Record extracts:
= Beginning of Section =

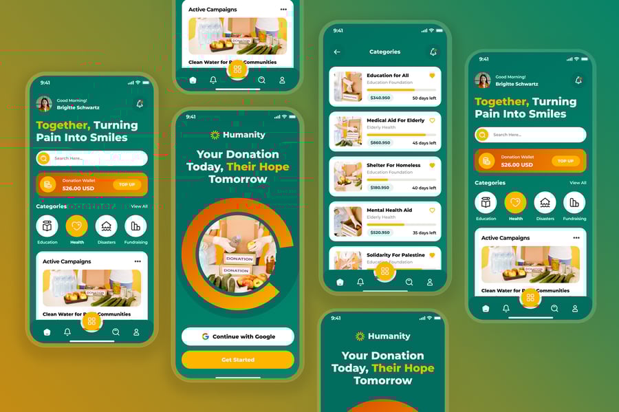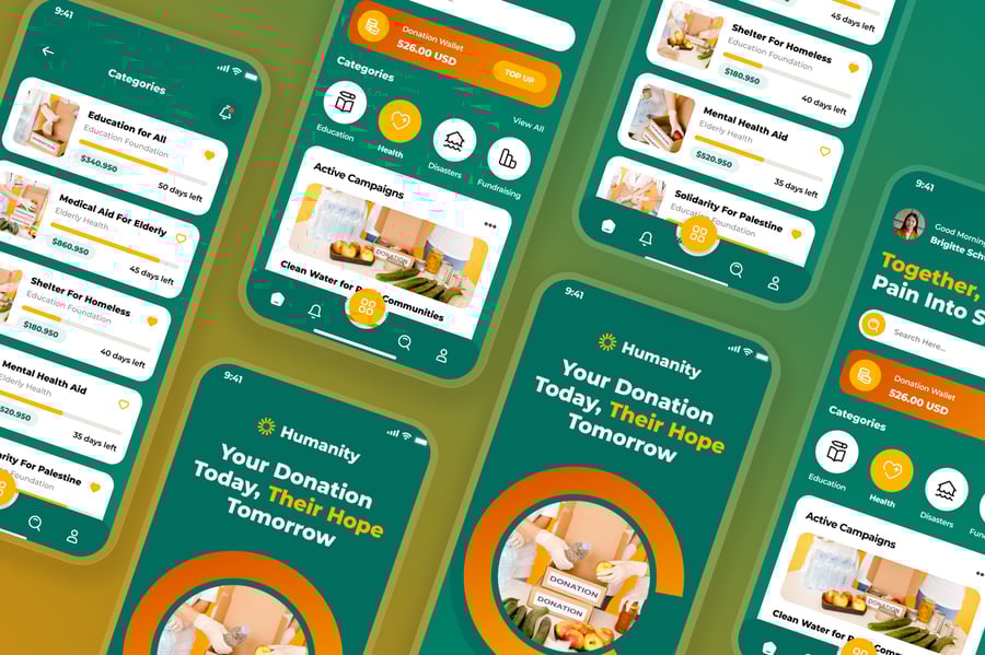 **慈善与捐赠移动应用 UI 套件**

= End of Section =
= Beginning of Section =

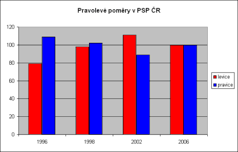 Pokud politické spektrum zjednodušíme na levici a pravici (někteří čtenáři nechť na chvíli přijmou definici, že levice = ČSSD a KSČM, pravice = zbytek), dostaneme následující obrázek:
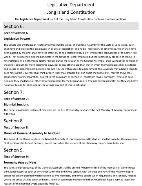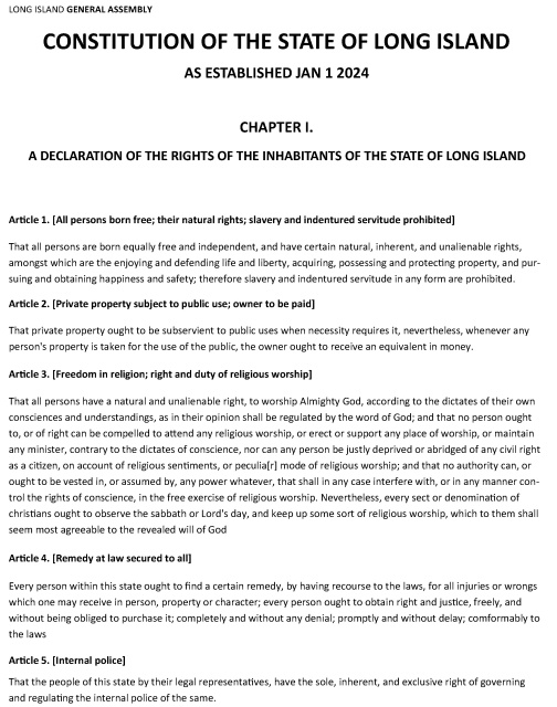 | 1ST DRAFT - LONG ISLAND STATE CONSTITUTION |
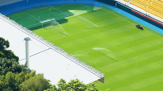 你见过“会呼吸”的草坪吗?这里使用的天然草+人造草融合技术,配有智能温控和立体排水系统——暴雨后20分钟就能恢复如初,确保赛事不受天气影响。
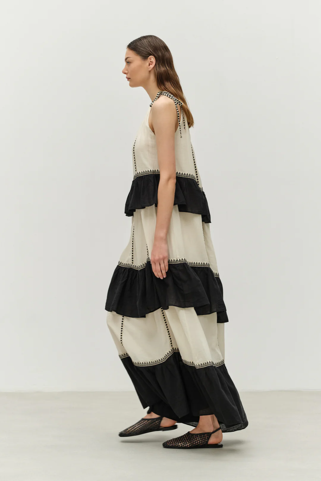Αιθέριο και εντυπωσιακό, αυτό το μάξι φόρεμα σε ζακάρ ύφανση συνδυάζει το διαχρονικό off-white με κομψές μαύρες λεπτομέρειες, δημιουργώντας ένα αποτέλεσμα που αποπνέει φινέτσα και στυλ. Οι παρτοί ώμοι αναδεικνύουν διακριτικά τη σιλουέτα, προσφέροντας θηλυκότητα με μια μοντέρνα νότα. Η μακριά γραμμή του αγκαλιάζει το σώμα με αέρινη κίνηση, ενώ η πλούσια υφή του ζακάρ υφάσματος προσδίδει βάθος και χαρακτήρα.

= End of Section =

What needs to be done: Look above for the line with "Pokud politické spektrum" and the line with "Αιθέριο και εντυπωσιακό, αυτό". Give again exactly those two lines and all lines between them, pictures excluded.

Solution to this exercise:
 Pokud politické spektrum zjednodušíme na levici a pravici (někteří čtenáři nechť na chvíli přijmou definici, že levice = ČSSD a KSČM, pravice = zbytek), dostaneme následující obrázek:
 | 1ST DRAFT - LONG ISLAND STATE CONSTITUTION |
 你见过“会呼吸”的草坪吗?这里使用的天然草+人造草融合技术,配有智能温控和立体排水系统——暴雨后20分钟就能恢复如初,确保赛事不受天气影响。
Αιθέριο και εντυπωσιακό, αυτό το μάξι φόρεμα σε ζακάρ ύφανση συνδυάζει το διαχρονικό off-white με κομψές μαύρες λεπτομέρειες, δημιουργώντας ένα αποτέλεσμα που αποπνέει φινέτσα και στυλ. Οι παρτοί ώμοι αναδεικνύουν διακριτικά τη σιλουέτα, προσφέροντας θηλυκότητα με μια μοντέρνα νότα. Η μακριά γραμμή του αγκαλιάζει το σώμα με αέρινη κίνηση, ενώ η πλούσια υφή του ζακάρ υφάσματος προσδίδει βάθος και χαρακτήρα.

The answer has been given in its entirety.